Gratl noted that such policy wouldn’t help people who approached Vancouver police looking for help in finding missing loved ones.

“That would not cover racist and bigoted conduct insofar as it affected the families, and it wouldn’t do anything to assist the families of missing women,” Gratl asserted, and LePard agreed.

LePard noted that Det. Const. Lori Shenher, whom he called “heroic” for her caring work on the missing women file, was appalled by the behaviour of two Vancouver police detectives assigned to the investigation in 1999.

He said she told him she frequently had to apologize to the women of the Downtown Eastside for the behaviour of the “renegade” team of Det. Const. Doug Fell and Det. Const. Mark Wolthers, assigned to the case in 1999.

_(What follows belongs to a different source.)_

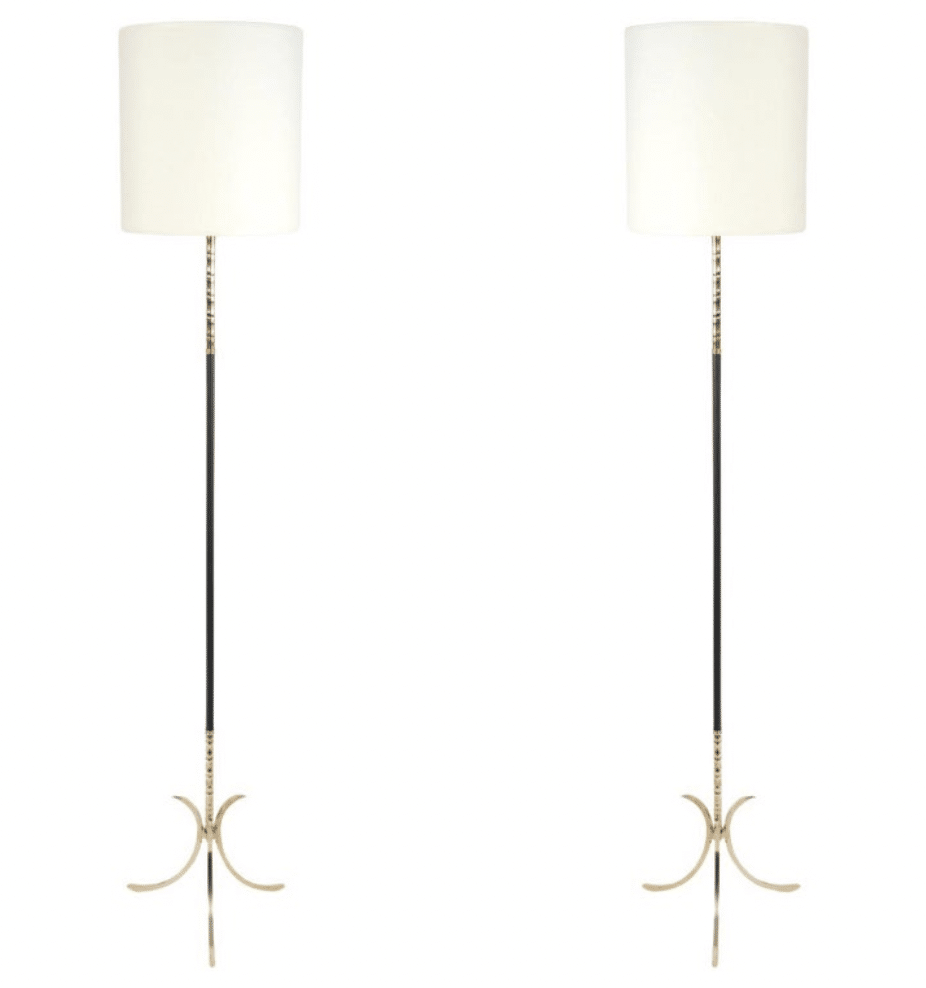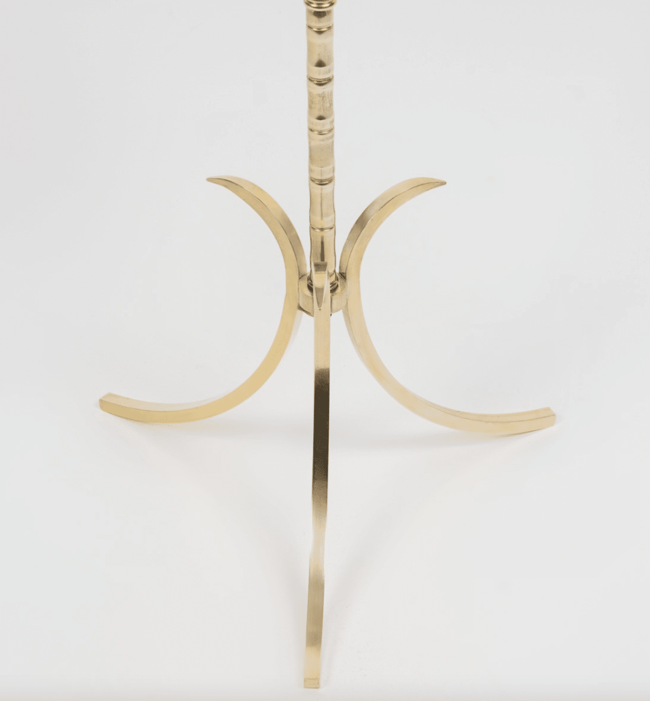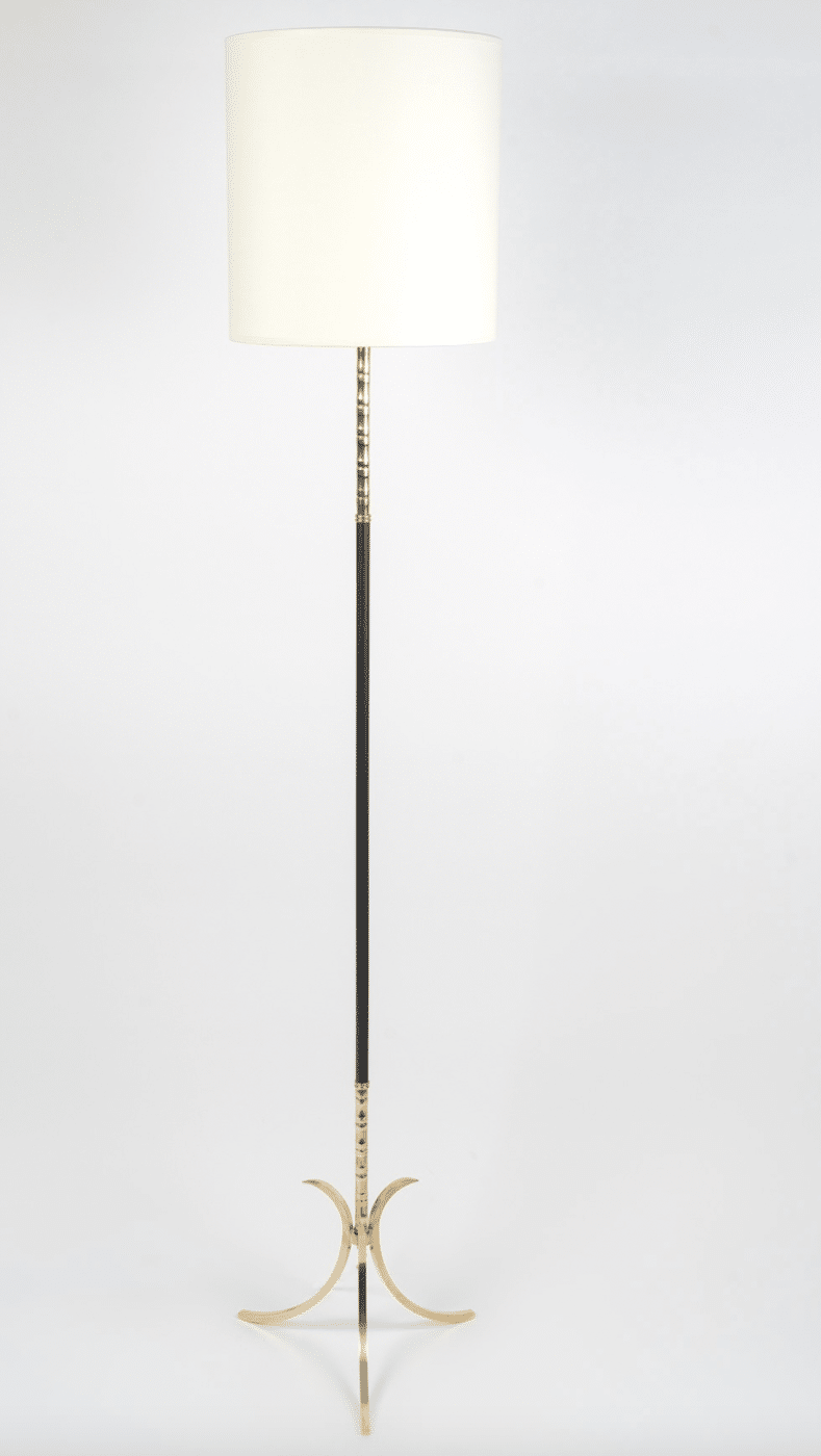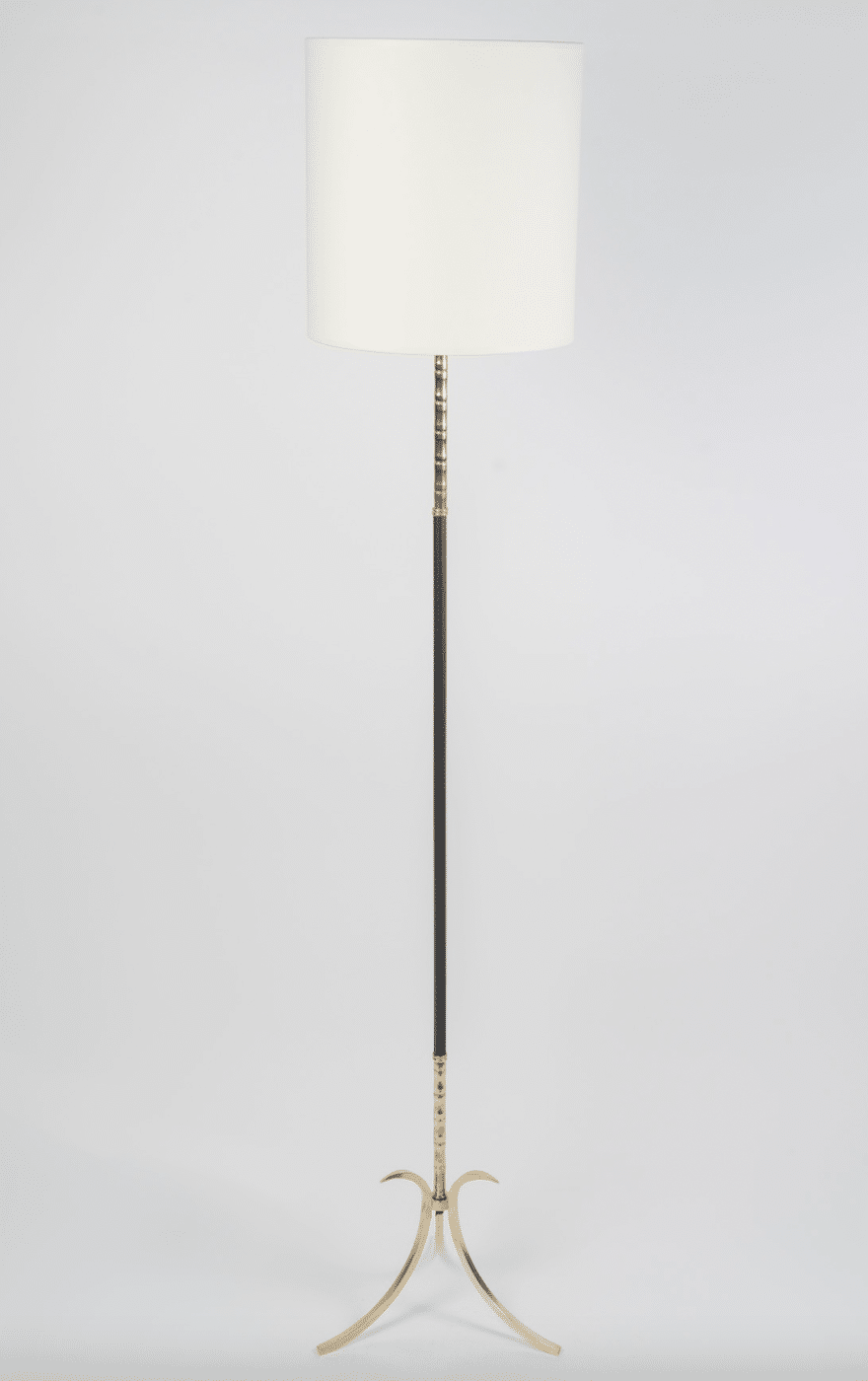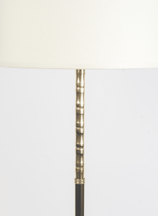 Composé d’une tige centrale en fer forgé noir ornée à son sommet d’une tige en laiton doré de style bambou, il repose sur un trépied formé de demi-boucles en laiton doré.

The two men didn’t share information, were “loud” and “arrogant,” habitually referred to survival sex-trade workers as “whores” and “f—ing whores,” LePard admitted to Gratl. The duo also made openly racist and homophobic remarks and disparaged their female bosses as “incompetent.”

As Gratl cited repeated internal Vancouver Police Department use of the term “hooker” or “hooker task force,” LePard said the word, although pejorative, was once in common usage a dozen years ago, as in the book, The Happy Hooker.

“In fact, isolated incidents aside, on the whole, the record is clear that the VPD has taken crimes against sex-trade workers seriously,” said LePard.

“Those individuals may have been biased [to sex workers] but I don’t think it is indicative of systemic bias or racism in the VPD.”

But LePard added the two detectives “were totally focused on catching a serial killer, they badly wanted to solve the case.”

By the time LePard wrote his report, after Pickton was finally arrested in 2002, it was too late to discipline officers, he said.